Read the file into a PySpark DataFrame with header and inferred schema.

Print schema and show top 5 rows.

In [61]:
csv_data="""OrderID,Product,Category,Quantity,UnitPrice,Region
1001,Mobile,Electronics,2,15000,North
1002,Laptop,Electronics,1,55000,South
1003,T-Shirt,Apparel,3,500,East
1004,Jeans,Apparel,2,1200,North
1005,TV,Electronics,1,40000,West
1006,Shoes,Footwear,4,2000,South
1007,Watch,Accessories,2,3000,East
1008,Headphones,Electronics,3,2500,North"""

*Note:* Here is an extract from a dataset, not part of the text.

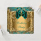 Convite de aniversário em jade e dourado com redemoinhos dourados lindos modelo de convite. Este convite de aniversário em jade azul-esverdeado e dourado é facilmente personalizado para o seu evento, basta adicionar os detalhes do evento, estilo de letra, tamanho e cor da fonte e texto. Por favor, observe que todos os adesivos, cartões e desenhos de convite que você encontrará no Zazzle são gráficos impressos sem joias reais, laços, relevos, dourados ou peças ou partes adicionadas.

with open("/content/drive/MyDrive/Colab Notebooks/sales_data.csv","w") as f:
  f.write(csv_data)

df=spark.read.csv("/content/drive/My Drive/Colab Notebooks/sales_data.csv",header=True,inferSchema=True)

df.show(5)

+-------+-------+-----------+--------+---------+------+
|OrderID|Product|   Category|Quantity|UnitPrice|Region|
+-------+-------+-----------+--------+---------+------+
|   1001| Mobile|Electronics|       2|    15000| North|
|   1002| Laptop|Electronics|       1|    55000| South|
|   1003|T-Shirt|    Apparel|       3|      500|  East|
|   1004|  Jeans|    Apparel|       2|     1200| North|
|   1005|     TV|Electronics|       1|    40000|  West|
+-------+-------+-----------+--------+---------+------+
only showing top 5 rows



Part 3: Business Questions

1. Add a new column TotalPrice = Quantity × UnitPrice


In [62]:
df=df.withColumn("TotalPrice",F.col("Quantity")*F.col("UnitPrice"))
df.show()

+-------+----------+-----------+--------+---------+------+----------+
|OrderID|   Product|   Category|Quantity|UnitPrice|Region|TotalPrice|
+-------+----------+-----------+--------+---------+------+----------+
|   1001|    Mobile|Electronics|       2|    15000| North|     30000|
|   1002|    Laptop|Electronics|       1|    55000| South|     55000|
|   1003|   T-Shirt|    Apparel|       3|      500|  East|      1500|
|   1004|     Jeans|    Apparel|       2|     1200| North|      2400|
|   1005|        TV|Electronics|       1|    40000|  West|     40000|
|   1006|     Shoes|   Footwear|       4|     2000| South|      8000|
|   1007|     Watch|Accessories|       2|     3000|  East|      6000|
|   1008|Headphones|Electronics|       3|     2500| North|      7500|
+-------+----------+-----------+--------+---------+------+----------+



2. Total revenue generated across all regions.


In [63]:
total_rev = df.agg(F.sum("TotalPrice")).collect()[0][0]
print("Total Revenue Generated",total_rev)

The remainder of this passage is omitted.